Is it possible to convert pdftoppm output to 16 or 24 bits?

Last edited by Cyrolancer; 01-22-2012 at 09:12 AM.
 
Click here to see the post LQ members have rated as the most helpful post in this thread.
Old 01-22-2012, 11:07 AM   #2
Nominal Animal
Senior Member
 
Registered: Dec 2010
Location: Finland
Distribution: Xubuntu, CentOS, LFS
Posts: 1,723
Blog Entries: 3

Rep: Reputation: 948Reputation: 948Reputation: 948Reputation: 948Reputation: 948Reputation: 948Reputation: 948Reputation: 948
I cannot reproduce your results. For testing, I created a colorful PDF and verified it displays OK in Evince. Then, I ran
Code:
pdftoppm -aa yes -aaVector yes -freetype yes -r 300 file.pdf basename
to generate basename-1.ppm , which I compressed to PNG using maximum compression,
Code:
pnmtopng -compress 9 basename-1.ppm > basename-1.png
all in about eleven seconds on my workstation. The end result is a 24-bit PNG image,
Code:
file basename-1.png
 basename-1.png: PNG image data, 3509 x 2480, 8-bit/color RGB, non-interlaced
Note that the 8-bit/color RGB means eight bits per component using RGB, therefore 3×8 = 24 bits of color information per pixel.

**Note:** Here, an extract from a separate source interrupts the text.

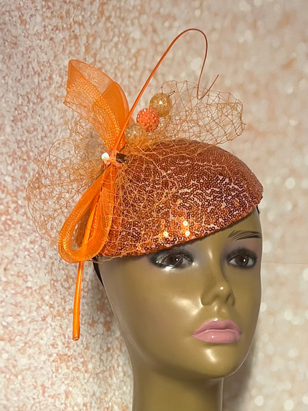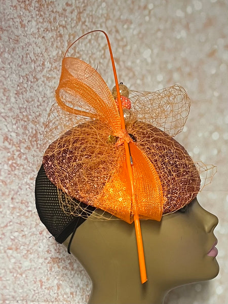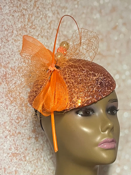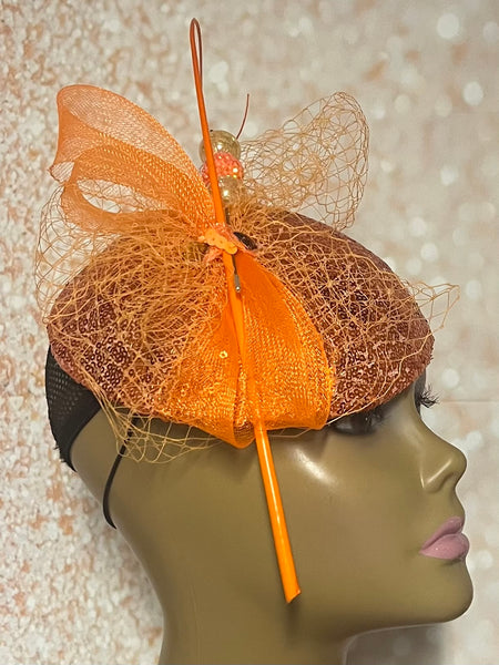 Orange Sequin Half Hat Fascinator for Church Head Covering, Wedding, Tea Party, Mother of the Bride, and Other Special Occasions

After that, I checked that the PNG output (you use) in pdftoppm works okay:
Code:
pdftoppm -aa yes -aaVector yes -freetype yes -png -r 300 file.pdf othername
generates othername-1.png directly, and is about 6% faster, too.

Carefully comparing and checking the othername-1.png and basename-1.png images show that they contain the exact same data, and are almost exactly the same size. This means that the PNG output option in pdftoppm works very well, for me at least. Even eyeballing the resulting image in Gimp shows that all elements are nicely antialiased (no jaggies), color gradients are smooth (no visible steps), and so on: very satisfactory quality. And I'm very particular about my image quality.

Using the pnmcolormap tool to analyze the intermediate PPM image I created with the first command above,
Code:
pnmcolormap all basename-1.ppm >/dev/null
 pnmcolormap: making histogram...
 pnmcolormap: too many colors!
 pnmcolormap: scaling colors from maxval=255 to maxval=127 to improve clustering...
 pnmcolormap: making histogram...
 pnmcolormap: 21287 colors found
we can see that the image does have a lot of colors, 21287 in this case even after considering only the highest 7 bits per component.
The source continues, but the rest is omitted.